Nobody wants to date a man as tight as Courtney Stodden’s dress collection. If you’re the kind of guy that takes half a bottle of wine home from a party and never offers to buy a beggar a cup of tea ‘because it’s probably his own doing anyway’ (said in very best super snotty Tory toff voice), you’re unlikely to make my list of ‘super sexy men that I really want to go out dancing with all night’.   Given my penchant for kitchen disasters, mildly neurotic demeanor and spectacular ability to accidentally drive to a neighboring country on the way to the shops, patience is less of a requirement and more of a necessity. Oh, and future boyfriends will also be required to find pictures of cute kittens on the internet to show me when I’m sad.


Call me an academic snob but a man who can use an apostrophe will do more for my pulse rate than any of the honed and toned athletes at this year’s Olympics. (Except maybe the dudes on the pommel horse.) A spark of ambition and the ability to hold a stimulating conversation are pretty high on the list of ‘future Mr Baggage Girl’ credentials.

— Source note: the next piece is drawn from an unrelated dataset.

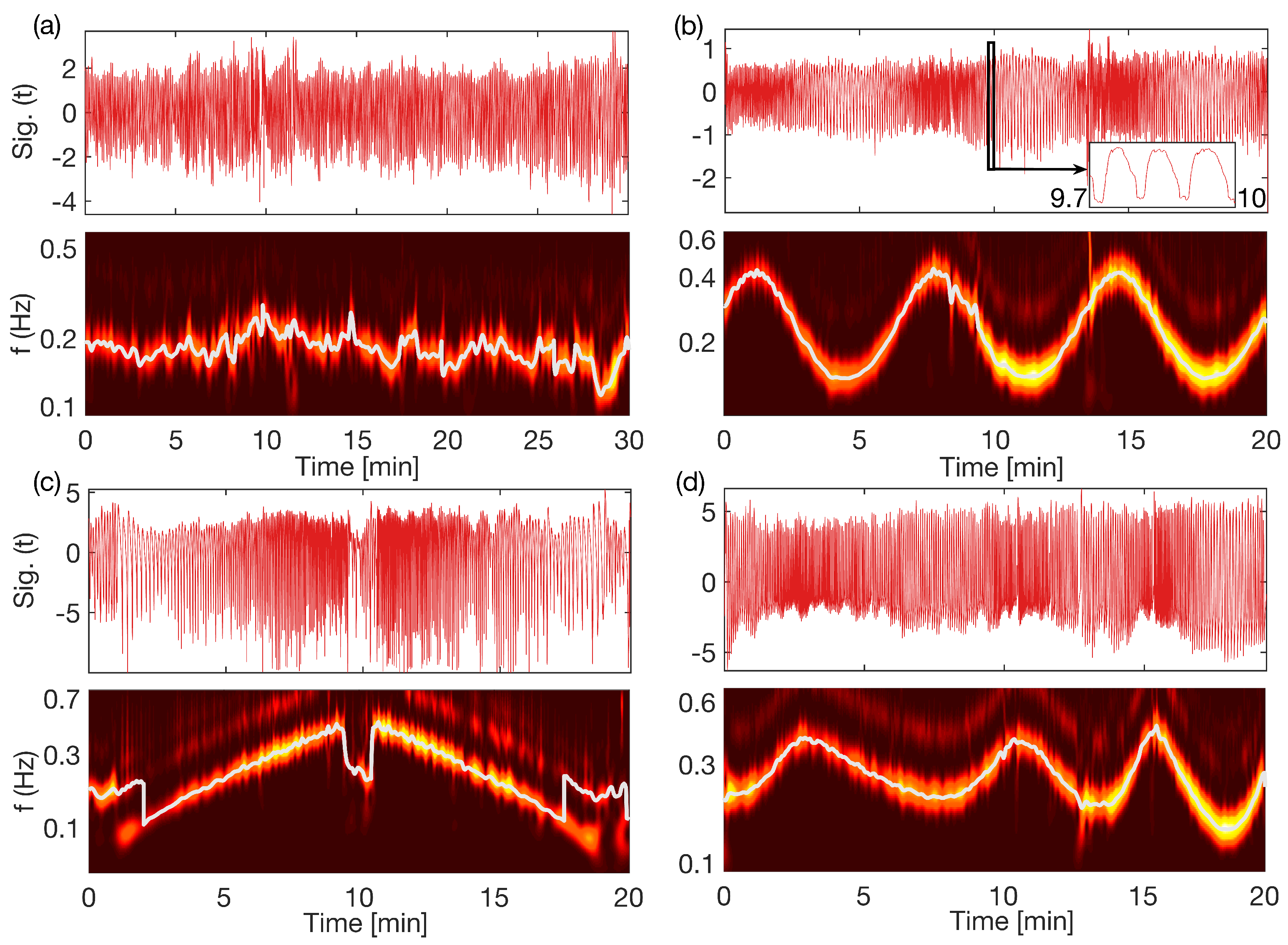 - Iatsenko, D.; McClintock, P.V.E.; Stefanovska, A. On the extraction of instantaneous frequencies from ridges in time-frequency representations of signals. Signal Proc. 2016, 125, 290–303. [Google Scholar] [CrossRef]
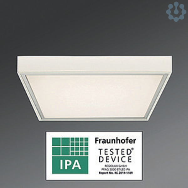 Stahlblechgehäuse, rechteckiger Querschnitt, Reinräume und Reinraumbereiche nach DIN 14644-1, gleichzeitig IPA zertifizierte Leuchte, geprüft für Reinraumanlagen gemäß ISO-KLASSE1 sowie chemischer und biologischer Beständigkeit auf Einzelkomponentenebene, Lichtverteilung direkt strahlend mittels diffus strahlendem, satinierten Diffusor aus Acrylglas mit Aluminiumrahmen natur eloxiert, Lichtfarbe neutralweiß (840) mit sehr guter Farbkonsistenz und hoher Farbwiedergabe Ra>80, Elektrischer Anschluss über 3-polige Anschlussklemme in Steckkontakt-Technik.

I hate sport of all descriptions. My high school PE report read “Elizabeth’s progression in this subject is hindered by her unwillingness to move.” But despite my feelings towards intentional exertion and ball games, there’s something ruggedly sexy about a man shouting angry stuff about referees and offside rules. Plus my dad might never forgive me if I didn’t bring home a boyfriend he could dissect the football results with.


The trickiest of all to find, chemistry is non-negotiable. Rare as a well-balanced and intelligently thought out comment on the Daily Mail website, I’ve only found that spark with a handful of men in the last decade.


Failing all of the above, he should be a non-weirdo who does not spend Saturday mornings compiling inane lists of qualities their ideal future partner should have.  Oh, and a driving license in a bonus.